▼

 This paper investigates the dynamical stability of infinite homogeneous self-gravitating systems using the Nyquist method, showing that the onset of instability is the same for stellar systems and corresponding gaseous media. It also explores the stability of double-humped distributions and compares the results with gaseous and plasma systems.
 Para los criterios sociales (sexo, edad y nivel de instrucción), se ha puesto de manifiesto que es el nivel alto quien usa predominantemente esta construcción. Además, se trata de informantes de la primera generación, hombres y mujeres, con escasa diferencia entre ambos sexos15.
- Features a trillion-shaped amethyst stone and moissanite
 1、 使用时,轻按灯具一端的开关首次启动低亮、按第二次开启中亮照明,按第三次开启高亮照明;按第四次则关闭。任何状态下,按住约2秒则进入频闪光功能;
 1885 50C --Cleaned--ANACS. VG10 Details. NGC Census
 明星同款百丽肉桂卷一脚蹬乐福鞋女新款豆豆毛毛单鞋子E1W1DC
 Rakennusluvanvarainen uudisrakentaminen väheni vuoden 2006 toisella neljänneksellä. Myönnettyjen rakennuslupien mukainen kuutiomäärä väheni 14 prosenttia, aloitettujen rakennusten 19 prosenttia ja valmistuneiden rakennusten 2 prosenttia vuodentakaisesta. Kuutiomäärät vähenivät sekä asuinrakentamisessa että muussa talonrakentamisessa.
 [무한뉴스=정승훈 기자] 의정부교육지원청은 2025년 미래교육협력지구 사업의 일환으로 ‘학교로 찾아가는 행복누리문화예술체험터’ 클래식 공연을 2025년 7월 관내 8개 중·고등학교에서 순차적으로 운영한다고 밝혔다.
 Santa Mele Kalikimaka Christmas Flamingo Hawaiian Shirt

▲
▼

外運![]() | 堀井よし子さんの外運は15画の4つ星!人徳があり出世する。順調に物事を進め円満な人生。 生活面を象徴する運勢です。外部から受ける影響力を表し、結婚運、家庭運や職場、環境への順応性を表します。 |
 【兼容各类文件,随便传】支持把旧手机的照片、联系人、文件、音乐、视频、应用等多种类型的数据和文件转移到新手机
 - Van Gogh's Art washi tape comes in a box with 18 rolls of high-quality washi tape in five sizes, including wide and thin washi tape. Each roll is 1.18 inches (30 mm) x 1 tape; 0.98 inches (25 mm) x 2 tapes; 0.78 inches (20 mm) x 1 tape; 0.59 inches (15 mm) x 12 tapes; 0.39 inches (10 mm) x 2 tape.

▲
▼

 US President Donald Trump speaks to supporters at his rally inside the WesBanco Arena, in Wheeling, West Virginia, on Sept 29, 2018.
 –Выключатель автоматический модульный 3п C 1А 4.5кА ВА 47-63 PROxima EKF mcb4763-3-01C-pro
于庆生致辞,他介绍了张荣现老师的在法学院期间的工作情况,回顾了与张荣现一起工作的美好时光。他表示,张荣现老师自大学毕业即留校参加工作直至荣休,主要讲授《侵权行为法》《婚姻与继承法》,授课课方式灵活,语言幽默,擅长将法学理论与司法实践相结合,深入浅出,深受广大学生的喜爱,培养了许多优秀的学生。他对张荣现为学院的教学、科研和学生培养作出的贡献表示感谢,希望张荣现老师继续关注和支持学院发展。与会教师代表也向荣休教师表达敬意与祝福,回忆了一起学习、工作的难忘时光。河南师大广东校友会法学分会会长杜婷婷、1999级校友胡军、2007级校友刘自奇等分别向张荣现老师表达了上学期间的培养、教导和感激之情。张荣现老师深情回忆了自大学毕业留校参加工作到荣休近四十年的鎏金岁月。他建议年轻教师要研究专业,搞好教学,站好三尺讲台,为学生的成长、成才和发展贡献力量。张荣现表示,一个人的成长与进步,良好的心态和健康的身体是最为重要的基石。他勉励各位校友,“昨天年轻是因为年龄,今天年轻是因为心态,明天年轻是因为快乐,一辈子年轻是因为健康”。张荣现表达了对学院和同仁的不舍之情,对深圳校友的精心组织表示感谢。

▲

• PROBLEM DESCRIPTION: Where the data above reaches the line holding "This paper investigates", begin printing, and stop after the line holding "Santa Mele Kalikimaka". Each line must be reproduced exactly, with nothing else added.

• OUTPUT OF THE EXERCISE:
 This paper investigates the dynamical stability of infinite homogeneous self-gravitating systems using the Nyquist method, showing that the onset of instability is the same for stellar systems and corresponding gaseous media. It also explores the stability of double-humped distributions and compares the results with gaseous and plasma systems.
 Para los criterios sociales (sexo, edad y nivel de instrucción), se ha puesto de manifiesto que es el nivel alto quien usa predominantemente esta construcción. Además, se trata de informantes de la primera generación, hombres y mujeres, con escasa diferencia entre ambos sexos15.
- Features a trillion-shaped amethyst stone and moissanite
 1、 使用时,轻按灯具一端的开关首次启动低亮、按第二次开启中亮照明,按第三次开启高亮照明;按第四次则关闭。任何状态下,按住约2秒则进入频闪光功能;
 1885 50C --Cleaned--ANACS. VG10 Details. NGC Census
 明星同款百丽肉桂卷一脚蹬乐福鞋女新款豆豆毛毛单鞋子E1W1DC
 Rakennusluvanvarainen uudisrakentaminen väheni vuoden 2006 toisella neljänneksellä. Myönnettyjen rakennuslupien mukainen kuutiomäärä väheni 14 prosenttia, aloitettujen rakennusten 19 prosenttia ja valmistuneiden rakennusten 2 prosenttia vuodentakaisesta. Kuutiomäärät vähenivät sekä asuinrakentamisessa että muussa talonrakentamisessa.
 [무한뉴스=정승훈 기자] 의정부교육지원청은 2025년 미래교육협력지구 사업의 일환으로 ‘학교로 찾아가는 행복누리문화예술체험터’ 클래식 공연을 2025년 7월 관내 8개 중·고등학교에서 순차적으로 운영한다고 밝혔다.
 Santa Mele Kalikimaka Christmas Flamingo Hawaiian Shirt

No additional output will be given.